Elle est aussi tout à fait consciente des difficultés liées à la construction dans cette région.

« En l'absence de route, il est très difficile de faire venir les matériaux nécessaires à la construction, sans parler des tempêtes et autres catastrophes naturelles fréquentes, qui retardent également le processus », explique-t-elle.

Ces difficultés ont été d'autant plus aggravées par l'évolution constante de la géographie des cours d'eau, très fréquente au Bangladesh. Durant la saison sèche de l'hiver, il est certes possible d'utiliser des camions, des tracteurs et des camionnettes pousse-pousse. Mais durant la saison des pluies, le transport est fortement limité. Il faut attendre que les cours d'eau atteignent un niveau suffisant pour la navigation avant d'affréter des petites embarcations, le plus souvent sans moteur.

Une autre difficulté majeure a été de trouver de la main-d'œuvre locale spécialisée. Les maçons, les charpentiers et les soudeurs ne sont pas légions dans ces contrées reculées où le PNUD met en œuvre son programme de construction, ce qui signifie qu'il a fallu aller beaucoup plus loin pour trouver les ouvriers requis. Les entrepreneurs partenaires du PNUD responsables des chantiers ont fait venir les ouvriers des centres urbains les plus proches, où il était possible de trouver plus facilement des travailleurs expérimentés et qualifiés. Les ouvriers embauchés ont bénéficié d'un logement gratuit et de primes d'encouragement pendant toute la durée du chantier, afin de les inciter à travailler dans des régions aussi reculées.

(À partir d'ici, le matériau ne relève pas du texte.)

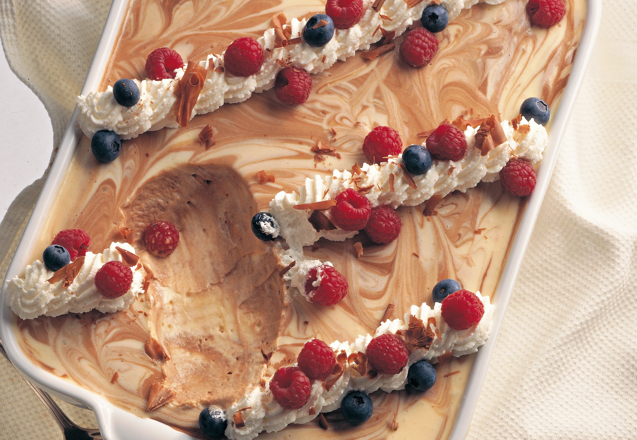 Zuerst dunkle, dann helle Mousse in eine Schüssel füllen und mit einem Kochlöffelstiel behutsam durchrühren, sodaß eine marmorierte Masse entsteht.
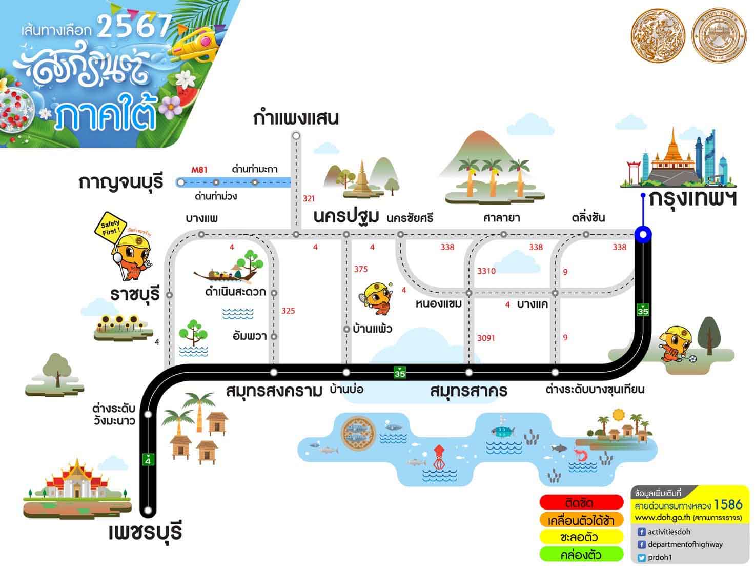 ทั้งนี้ กรมทางหลวงขอความร่วมมือผู้ใช้ทางขับขี่ด้วยความระมัดระวัง ปฏิบัติตามป้ายเตือน ป้ายแนะนำ และคำแนะนำของเจ้าหน้าที่อย่างเคร่งครัด หากประชาชนต้องการสอบถามข้อมูลการเดินทางเพิ่มเติมหรือแจ้งเหตุด่วนเหตุร้ายระหว่างเดินทาง สามารถติดต่อได้ที่สายด่วนกรมทางหลวง 1586 (โทรฟรีทุกเครือข่ายตลอด 24 ชั่วโมง) สายด่วนมอเตอร์เวย์ 1586 กด 7 และตำรวจทางหลวง 1193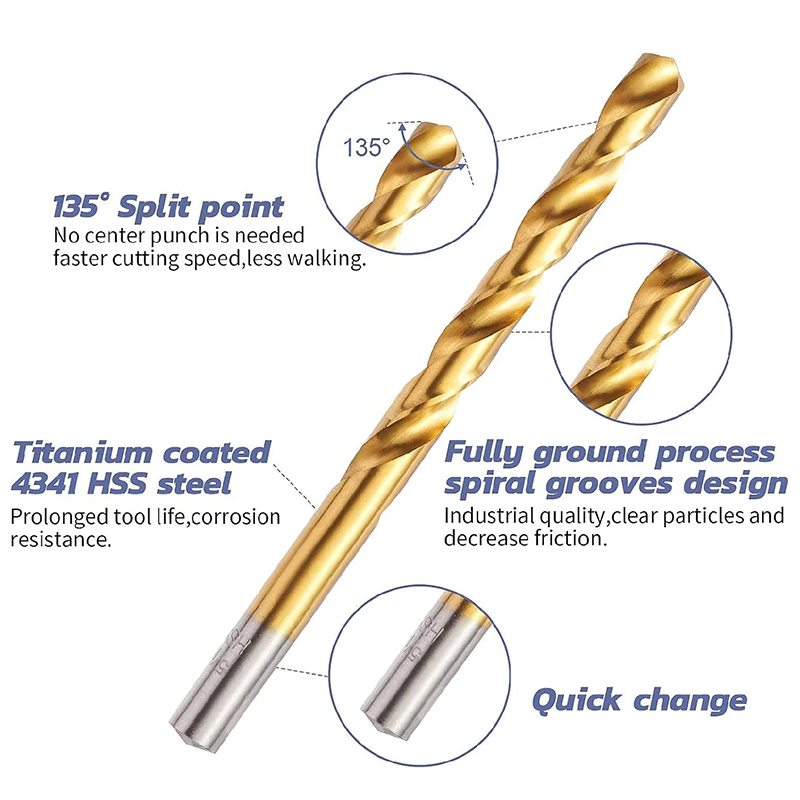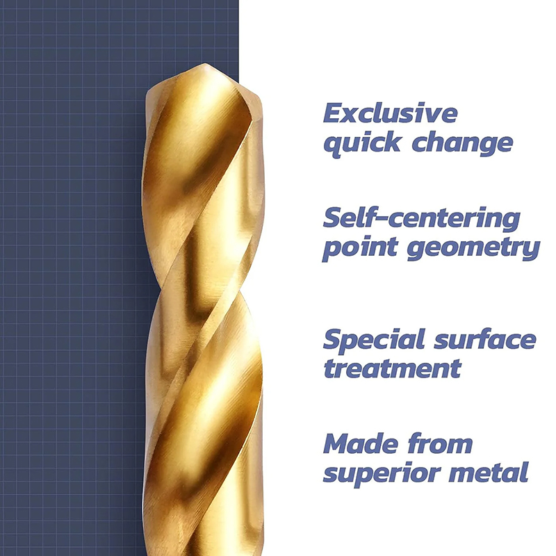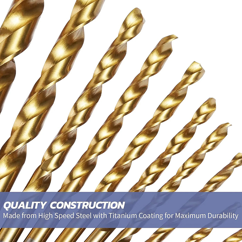 High-Quality: Durable Material Made of premium steel with a corrosion-resistant gold TiN coating, this set ensures superior toughness and a long service life. The smooth surface reduces friction during drilling, keeping bits cool and preventing breakage even under heavy use.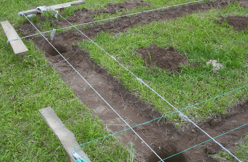 Первым делом, стоит разметить колышками внешнюю сторону, где мы будем копать траншею. Для замера длинны и определения углов, используем нитки и рулетку. Каждый строит свою беседку, поэтому о точных размерах рассказывать нет смысла.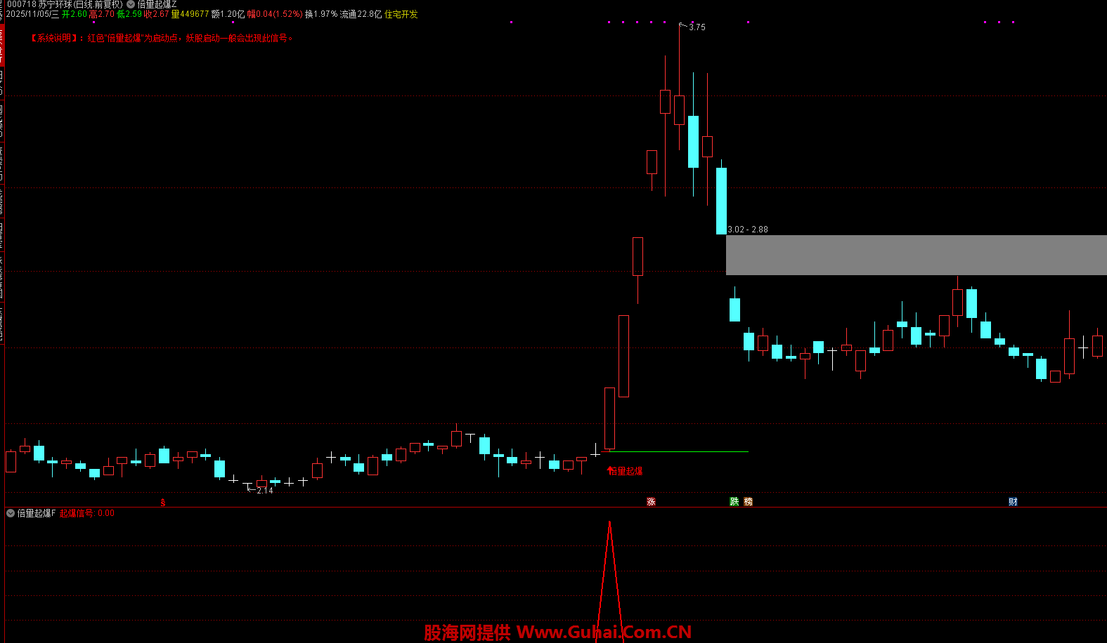 1. 当出现符合条件的“倍量起爆阳线”时,K线下方会出现一个“箭头”买入图标。

De ce fait, et malgré l'ampleur du défi, la construction s'est poursuivie, grâce à l'esprit d'initiative des entrepreneurs. Lorsque les camions et les bus ne pouvaient être utilisés, ils étaient remplacés par des bateaux. Lorsque les bateaux ne pouvaient pas naviguer, les camionnettes pousse-pousse prenaient le relais. Et là où les camionnettes pousse-pousse ne pouvaient plus s'aventurer, les membres de la communauté assuraient la relève, en prêtant main-forte, le plus souvent de la tête d'ailleurs, pour faire avancer le chantier.